P.P.S. I could go off on a bitter rant, but the funny thing is, I expected him to not get in touch with me so I'm not surprised and not mad. Isn't it great when you just start assuming people will disappoint you? At least I have time to catch up on my book club book.
P.P.P.S If you think I deserve a good romp and should just text him when I'm out this weekend, shoot me a comment.
Monday, July 5, 2010
Tonight we talked about how we are both people who like to make others happy. And I'm realizing that this has started to turn into a negative thing. I have been proudly defining myself as low maintenance in my relationships with guys and girls. I accredit this to being easy to get along with and one who goes with the flow and doesn't add to drama. But mother kind of blinked at me as I said this.

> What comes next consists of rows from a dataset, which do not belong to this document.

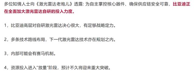 另一个信息是,今年3月有媒体爆料:为自主掌控核心部件、确保供应链安全可靠,比亚迪正在全面加大激光雷达的自研投入力度。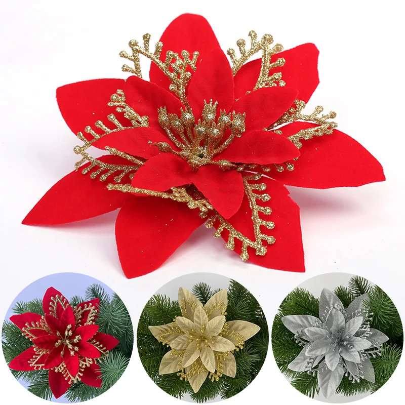 5 шт. Искусственные Рождественские цветы, блестящие пуансетции для ...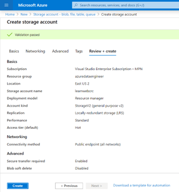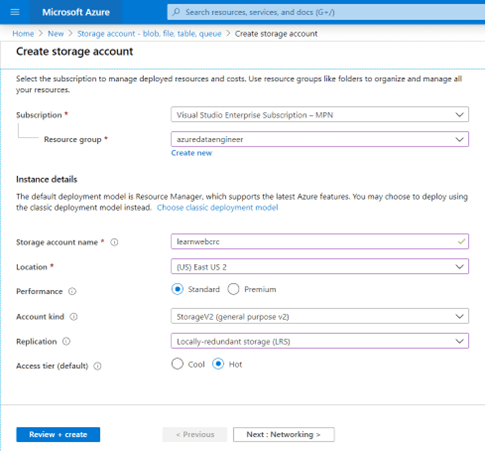 - Para la creación del recurso en Azure, seleccione la subscripción en la cual planea crear la aplicación, así como el contenedor del grupo de recursos, o puede crear uno nuevo si así lo prefiere. También debe ingresar el nombre de la cuenta de almacenamiento y la localización geográfica. De momento la opción de “Performance” puede quedar predeterminada en “Standard”, lo cual significa que el almacenamiento se dará en discos magnéticos, que implican un costo más bajo al Premium, que son discos en estado sólido. El “Account kind” con valor predeterminando de “Storage V2”, indica que el almacenamiento provee acceso a todos los servicios de Azure de blobs, archivos, tablas, colas y discos. En cuanto a replicación, para este demo vamos a utilizar un esquema local para ahorrar costos por lo que seleccionamos “LRS”. El campo “Access tier”, corresponde a la frecuencia de acceso a los datos, en este ejemplo lo vamos a dejar predeterminado en “Hot”, que son de mayor frecuencia que si se marca “Cool”. Presione el botón de “Review + Create”.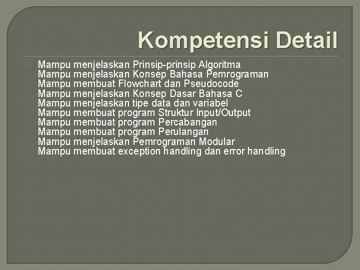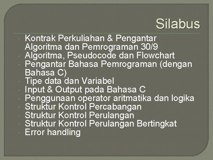 Disertai dengan berbagai contoh program yang mudah untuk dipahami. Selain itu banyak bahasa pemrograman populer seperti PHP dan Java menggunakan sintaks dasar yang mirip bahasa C. Notasi Sigma Secara umum pengertian notasi sigma adalah sebagai berikut.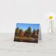Kayak on a pond in autumn, scenic, blank note card. The shore is lined with beautiful fall foliage in this sunny, seasonal photography print.

She replied by saying 'I don't know why you think being low maintenance is a good thing. But all it got me was the end of a 30 year marriage.'
I realized that she's totally right. If there's a difference between being low maintenance and a complacent pushover then I don't think I know it. I'm constantly the one who goes with whatever the leader in the group wants to do to avoid confrontation. I guess I've turned into a follower in that sense because I feel like most little battles don't matter. I rarely get frustrated in front of other people or get angry. In the end if I continue to nod my head at this and that I'm not going to get any closer to where I want to be. Where ever that may be.